THE BLOG

Top Six Online Scams to Avoid

02/06/2014 12:25 BST | Updated 02/08/2014 10:59 BST

Money transfer is a great way to send money quickly and conveniently to friends and loved ones, but just as you wouldn't hand an envelope of cash to a stranger, you should never transfer money to someone you have never met in person. You would be surprised by how many people do not follow this one key rule.

Defrauded individuals are not just the easily duped; the criminal groups who are often behind these scams are organised and skillful to the extent that even the savvy and culturally aware can be deceived. Advanced technology has facilitated the fraudsters, arming them with tools to better mask themselves and make their scams appear more legitimate. The rise of social media has provided them with yet another layer to hide behind as genuine-looking profiles that link across several different social sites add to a story's credibility.

At Western Union we take consumer fraud very seriously. We know our consumers work very hard for their money and we want it to go to good use. Each year we commit significant resources - in funding, people and technology- to fighting fraud and protecting consumers around the globe. Alongside an extensive awareness programme run in conjunction with government agencies and consumer groups, we have a number of initiatives in place specifically designed to help prevent fraud, including consumer warnings on the company website and cautionary materials at Agent locations. Yet it is an unfortunate reality that fraudsters will use legitimate services such as ours to perpetrate their frauds.

May 2014 was the Citizens Advice Bureau's Scams Awareness Month, and we believe that some of the best tools to protect yourself against fraud are education and awareness. To this end, it is a good idea to familiarise yourself with the latest trends in scams, and below are six scams we are seeing the most of:

Online relationships: A con-artist takes the time to befriend victims online and then requests money for a plausible-sounding reason, such as for airfares or help with financial difficulties.
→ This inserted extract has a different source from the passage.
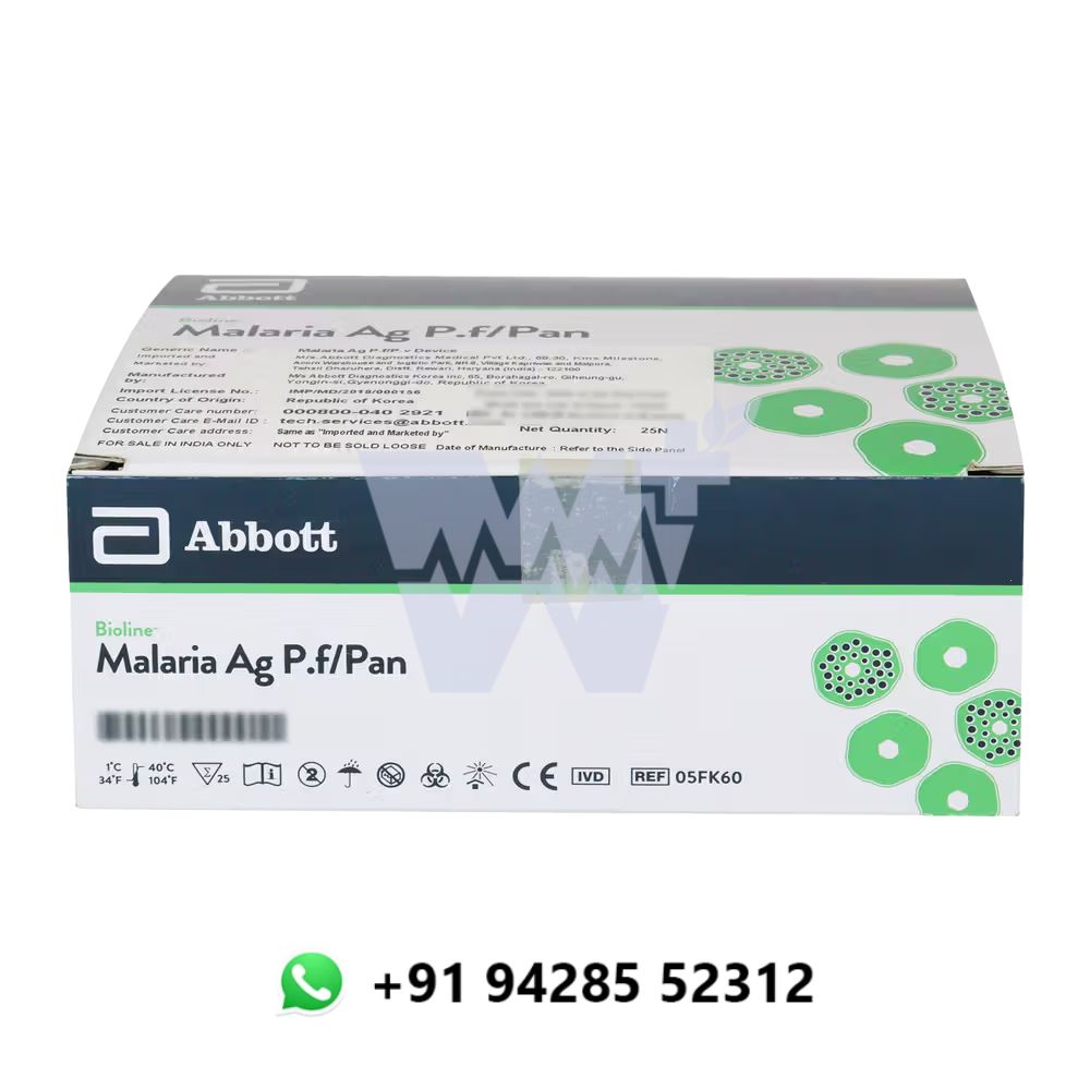 The Abbott Mal AG P.F/PAN (D) Global Malaria Rapid Card is a high-performance, immunochromatographic assay designed for the qualitative detection of Plasmodium falciparum (Pf) and pan-malarial (Pan) antigens in human whole blood. Developed for global malaria control efforts, this test enables early and accurate detection of P. falciparum and other Plasmodium species, ensuring prompt treatment and improved patient outcomes. Each kit includes 25 single-use test devices.

Computer anti-virus scams: A scammer posing as a software company representative calls to sell victims what is in fact free anti-virus software, and may also try to gain access to their computer and contacts.

Advance fee/prepayment: A fraudster asks victims to make payments in advance for services or financial gains which never arrive. Common examples are requests for money for visa updates, FOREX trading, electricity meters or loans.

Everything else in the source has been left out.